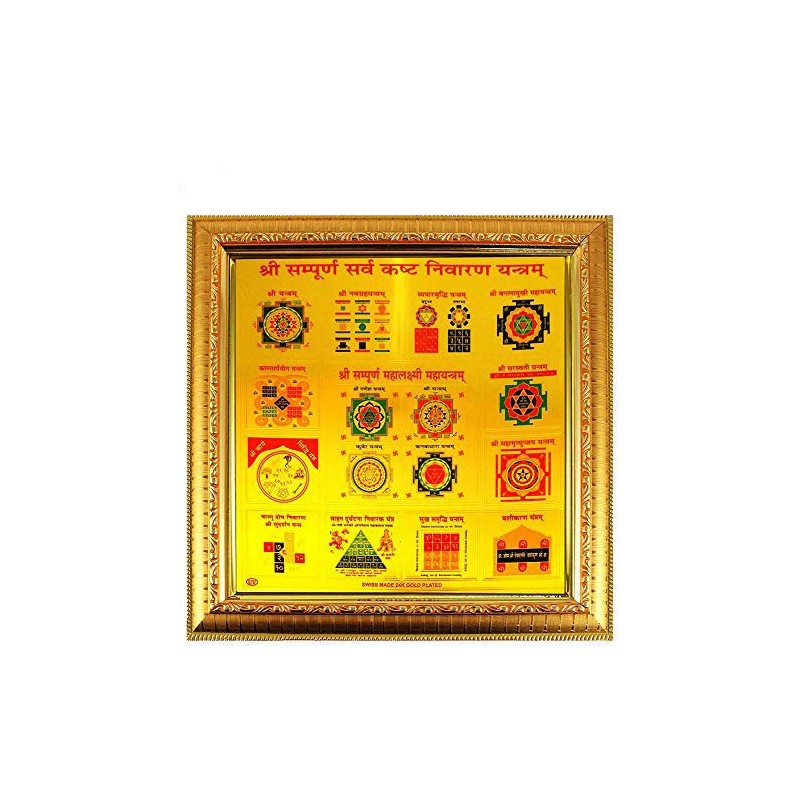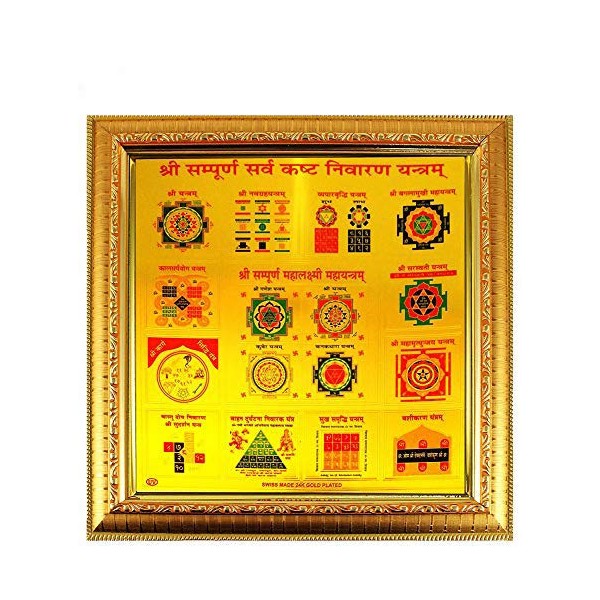 eshoppee Diwali Yantra shri Shree sampoorn sampurna sarv kasht nivaran, sarva kashta nivaran Yantra Size 27 x 27 cm. (sarv kasht nivaran, Golden Frame) Diwali Gift
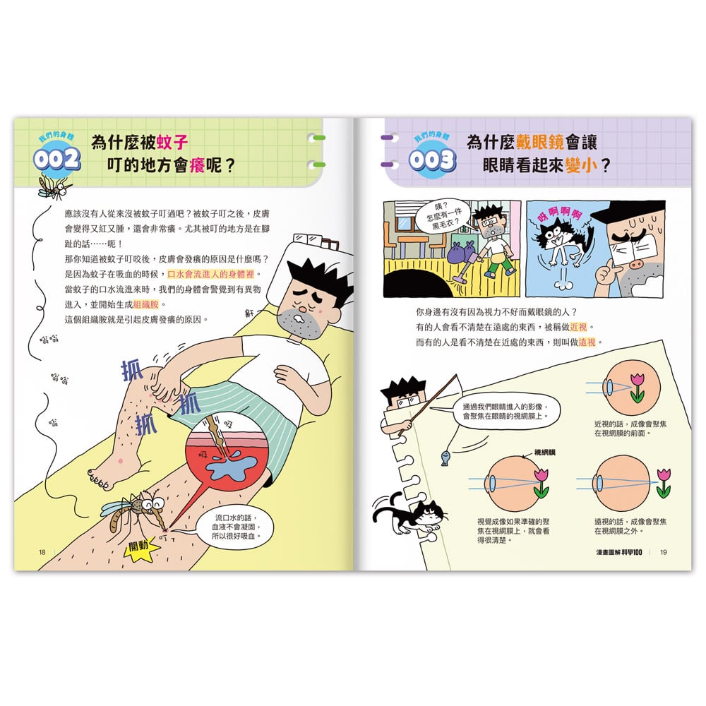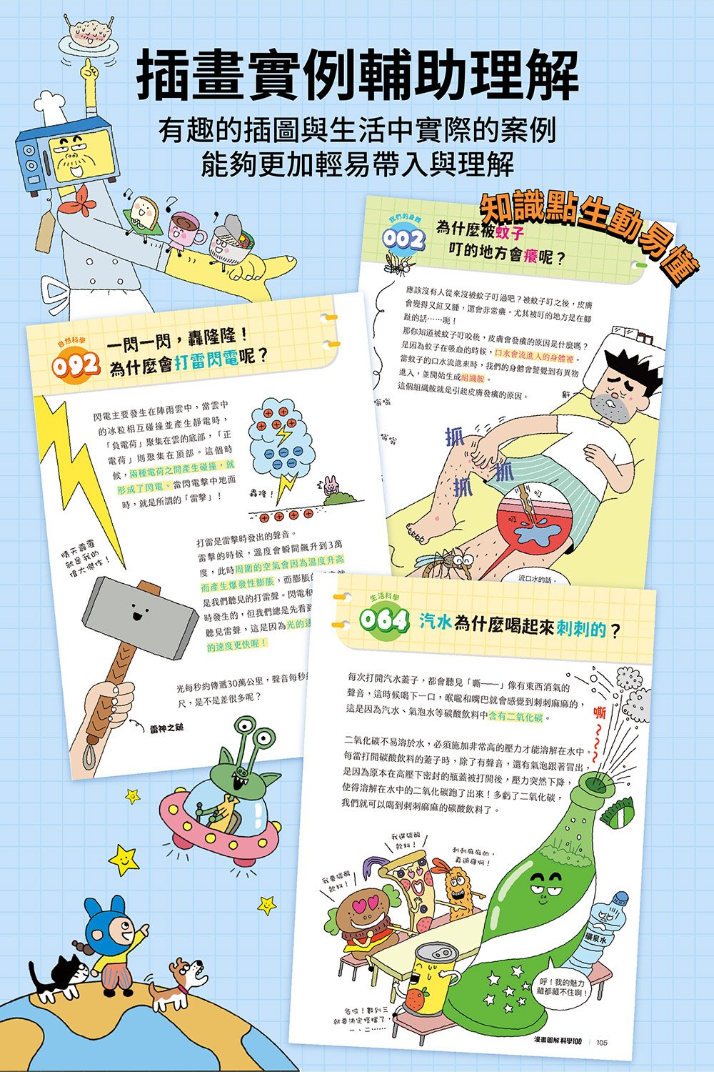 👀左看看,👀右看看,生活中有好多驚奇科學🧪,利用漫畫圖解方式說明🗣️,探索學習科普知識‼️ 「好奇心」就是科學研究的動力!左看看👀、右看看👀,仔細觀察我們的周圍,你都看見什麼呢❓一起探索《我們的身體》、《動物與植物》、《生活科學》、《自然科學》四大領域的100個故事📚當這些日常事物的疑惑得到解答後,是不是對這個世界更加好奇了呢?在充滿神奇科學知識的世界,等著大家帶著好奇心來探索、體驗‼️ 《漫畫圖解 科學100》旨在以淺顯易懂的方式,幫助孩子👦🏻👧🏻了解日常生活中的科學原理,更能激發孩子們對於科學的興趣與探索精神。📚本書精心編選100則生活中的科學小故事,與我們日常生活密切相關,希望能以有趣的漫畫吸引孩子的目光與好奇心,進一步去探索這些知識如何在生活中發揮作用,激發出無限的學習動力與創造力‼️ ✅100則科學知識 100則生活科學知識,一起解開藏在生活中的科學秘密。 ✅精選分類4大主題 包含《我們的身體》、《動物與植物》、《生活科學》、《自然科學》四大領域。 ✅漫畫圖解簡單易懂 利用漫畫形式講述生活中常遇到的狀況,並帶入科學概念,讓學習科學變得更簡單。 ✅插圖實例輔助理解 可愛又有趣的插圖與生活中實際的案例,能夠更加輕易帶入與理解。 ✅全彩插圖吸引目光 全彩插圖、生動細膩的插畫,容易視覺化理解,提升閱讀興趣。 ★主題知識輕鬆閱讀 100則主題式知識,輕鬆閱讀,學習不會有壓力。 ★科學閱讀學習 全面提升孩子生活上的科學概念,提升閱讀與學習效果。 ★快速吸收知識 知識濃縮重點,沒有艱深術語、沒有沉重學理,用最生活化的方式,帶領理解生活中的科學。 ★引發好奇心 漫畫圖解方式容易產生共鳴,引發好奇心,激發無限的學習動力與創造力。 ★親子互動關係 本書也適合家長與孩子共讀,作為自然科學教學的補充讀物。
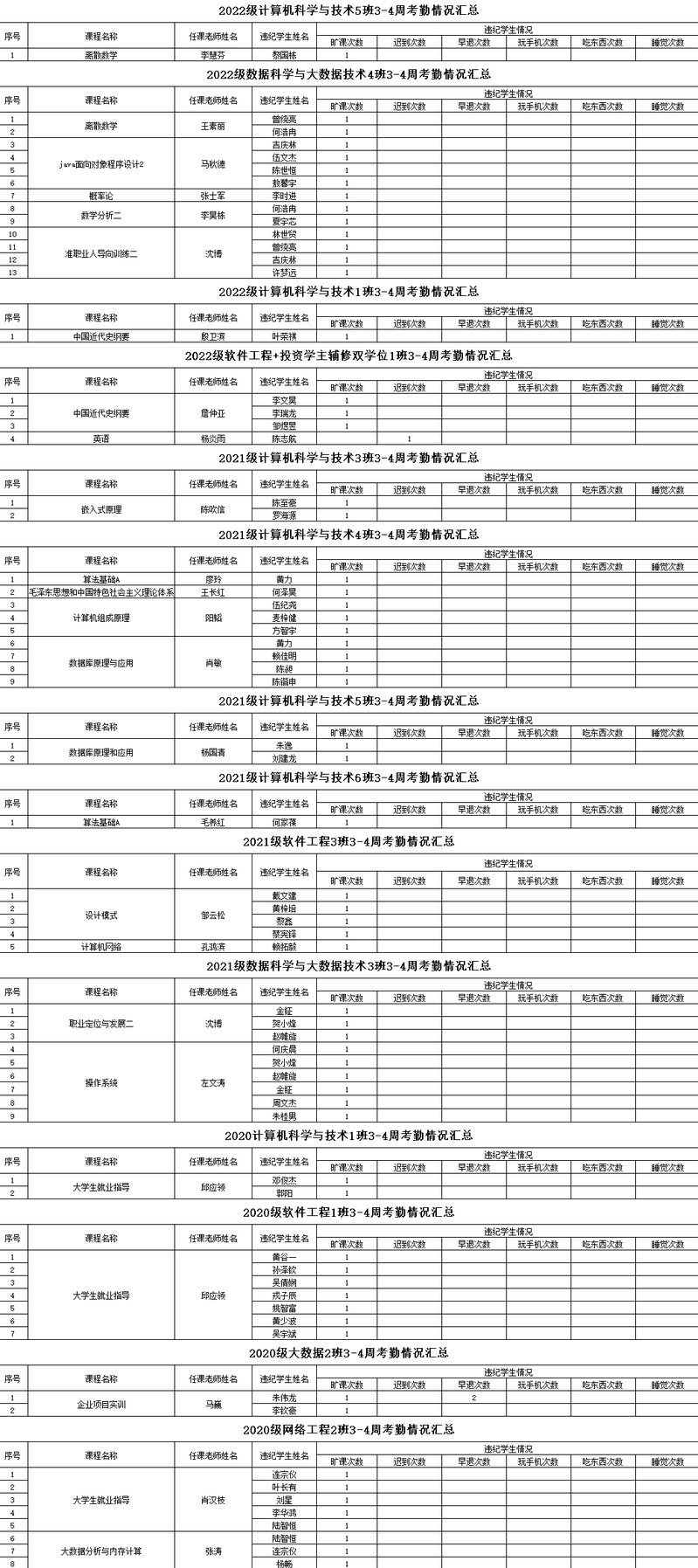 计算机工程学院/大数据学院2022-2023学年度第二学期3-4周考勤情况通报
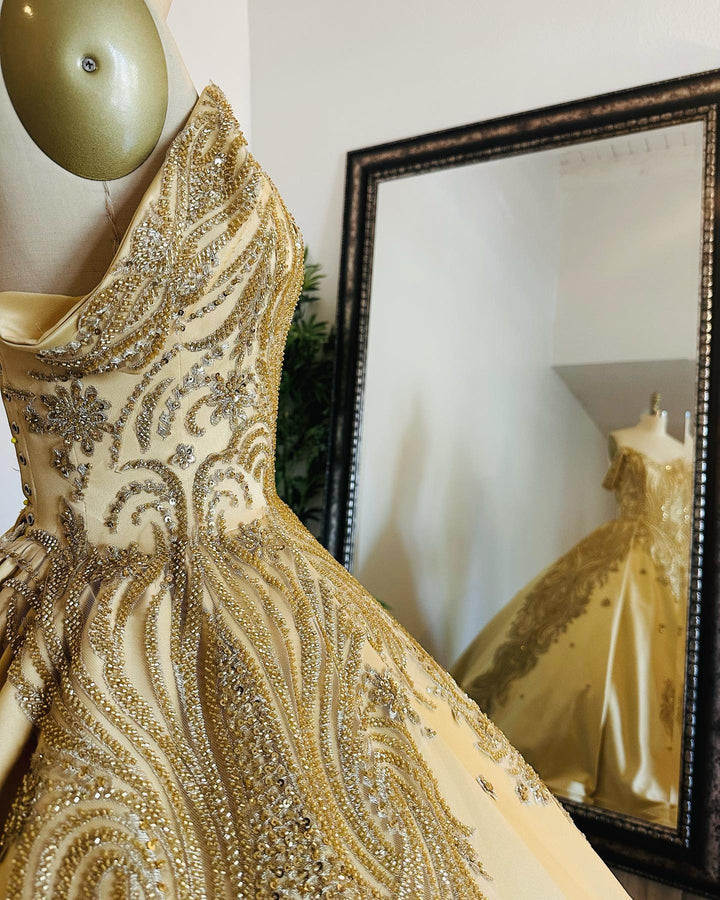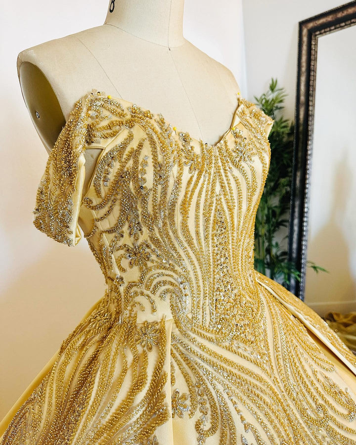 Luxuriöse Quinceanera-Kleider aus goldenem Satin, schulterfrei, herzförmiger Ausschnitt, Perlen, glitzernde Pailletten, Ballkleid für formelle Abendkleider
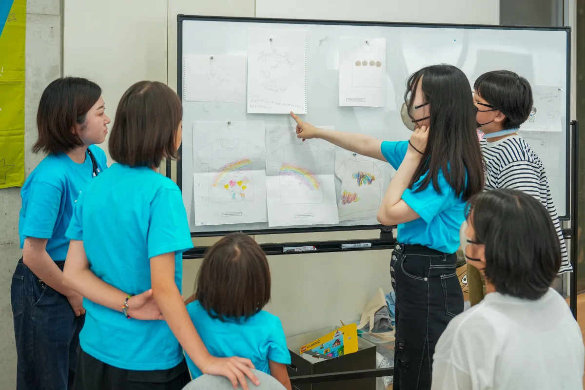 「シャイン・オン!コミュニティ」は、退院した子どもたちの「病気と闘っている仲間を勇気づけたい」という願いを実現すべく、様々な企画を推進しています。まずは、昨年から行っているチャリティTシャツの制作。今年の夏には、子どもたちが集まりアイディアを出し合うことで、Tシャツデザインを決定しました。これにより、彼らの創造力が形となることを目指しています。
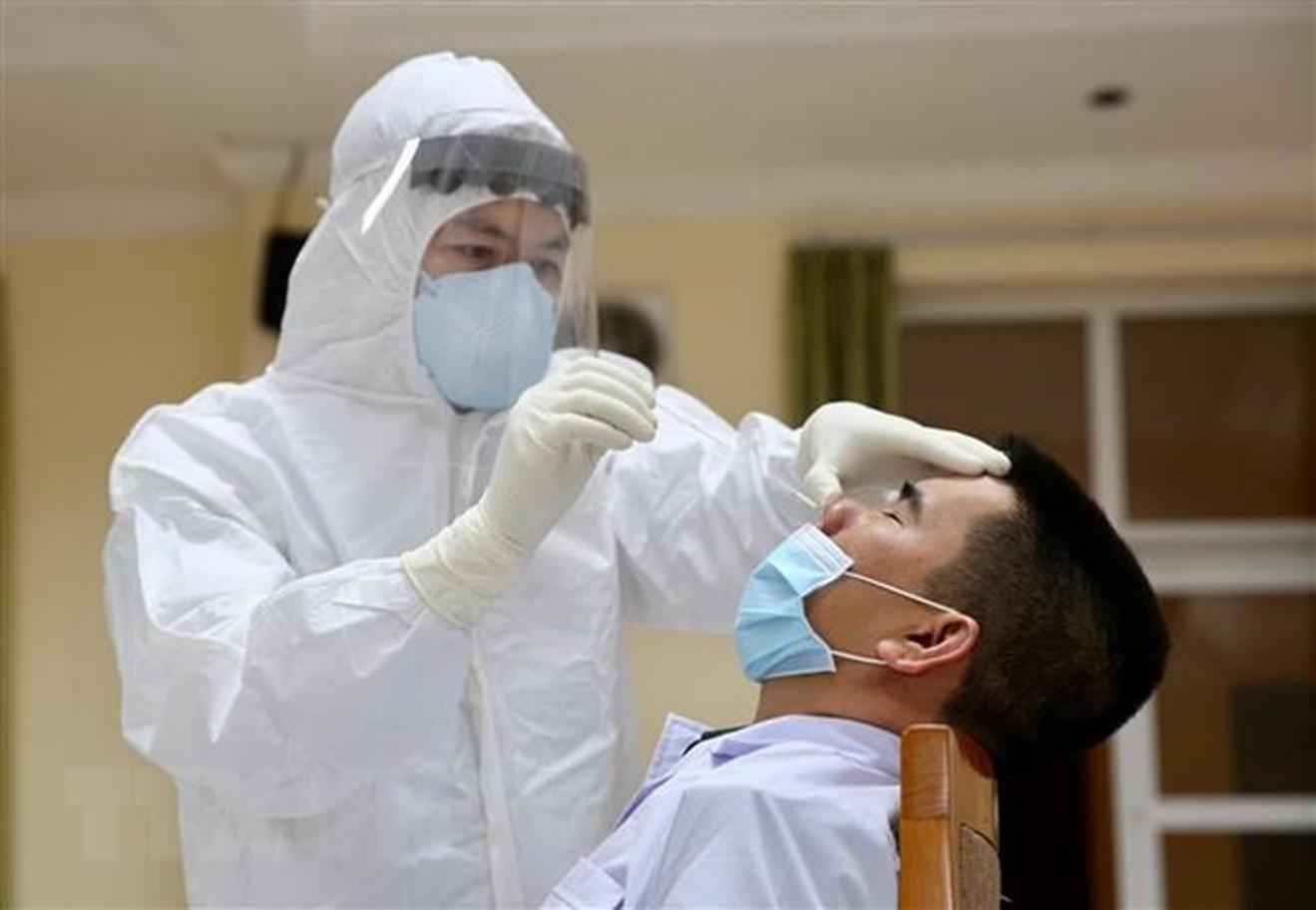 Nhân viên y tế tiến hành lấy mẫu bệnh phẩm từ mũi của người nghi nhiễm để xét nghiệm SARS-CoV-2. (Ảnh: Dương Giang/TTXVN)

******************************

■ Problem statement ■
Print the entries above exactly, taking out only the pictures.

■ Solution to this problem ■
 eshoppee Diwali Yantra shri Shree sampoorn sampurna sarv kasht nivaran, sarva kashta nivaran Yantra Size 27 x 27 cm. (sarv kasht nivaran, Golden Frame) Diwali Gift
 👀左看看,👀右看看,生活中有好多驚奇科學🧪,利用漫畫圖解方式說明🗣️,探索學習科普知識‼️ 「好奇心」就是科學研究的動力!左看看👀、右看看👀,仔細觀察我們的周圍,你都看見什麼呢❓一起探索《我們的身體》、《動物與植物》、《生活科學》、《自然科學》四大領域的100個故事📚當這些日常事物的疑惑得到解答後,是不是對這個世界更加好奇了呢?在充滿神奇科學知識的世界,等著大家帶著好奇心來探索、體驗‼️ 《漫畫圖解 科學100》旨在以淺顯易懂的方式,幫助孩子👦🏻👧🏻了解日常生活中的科學原理,更能激發孩子們對於科學的興趣與探索精神。📚本書精心編選100則生活中的科學小故事,與我們日常生活密切相關,希望能以有趣的漫畫吸引孩子的目光與好奇心,進一步去探索這些知識如何在生活中發揮作用,激發出無限的學習動力與創造力‼️ ✅100則科學知識 100則生活科學知識,一起解開藏在生活中的科學秘密。 ✅精選分類4大主題 包含《我們的身體》、《動物與植物》、《生活科學》、《自然科學》四大領域。 ✅漫畫圖解簡單易懂 利用漫畫形式講述生活中常遇到的狀況,並帶入科學概念,讓學習科學變得更簡單。 ✅插圖實例輔助理解 可愛又有趣的插圖與生活中實際的案例,能夠更加輕易帶入與理解。 ✅全彩插圖吸引目光 全彩插圖、生動細膩的插畫,容易視覺化理解,提升閱讀興趣。 ★主題知識輕鬆閱讀 100則主題式知識,輕鬆閱讀,學習不會有壓力。 ★科學閱讀學習 全面提升孩子生活上的科學概念,提升閱讀與學習效果。 ★快速吸收知識 知識濃縮重點,沒有艱深術語、沒有沉重學理,用最生活化的方式,帶領理解生活中的科學。 ★引發好奇心 漫畫圖解方式容易產生共鳴,引發好奇心,激發無限的學習動力與創造力。 ★親子互動關係 本書也適合家長與孩子共讀,作為自然科學教學的補充讀物。
 计算机工程学院/大数据学院2022-2023学年度第二学期3-4周考勤情况通报
 Luxuriöse Quinceanera-Kleider aus goldenem Satin, schulterfrei, herzförmiger Ausschnitt, Perlen, glitzernde Pailletten, Ballkleid für formelle Abendkleider
 「シャイン・オン!コミュニティ」は、退院した子どもたちの「病気と闘っている仲間を勇気づけたい」という願いを実現すべく、様々な企画を推進しています。まずは、昨年から行っているチャリティTシャツの制作。今年の夏には、子どもたちが集まりアイディアを出し合うことで、Tシャツデザインを決定しました。これにより、彼らの創造力が形となることを目指しています。
 Nhân viên y tế tiến hành lấy mẫu bệnh phẩm từ mũi của người nghi nhiễm để xét nghiệm SARS-CoV-2. (Ảnh: Dương Giang/TTXVN)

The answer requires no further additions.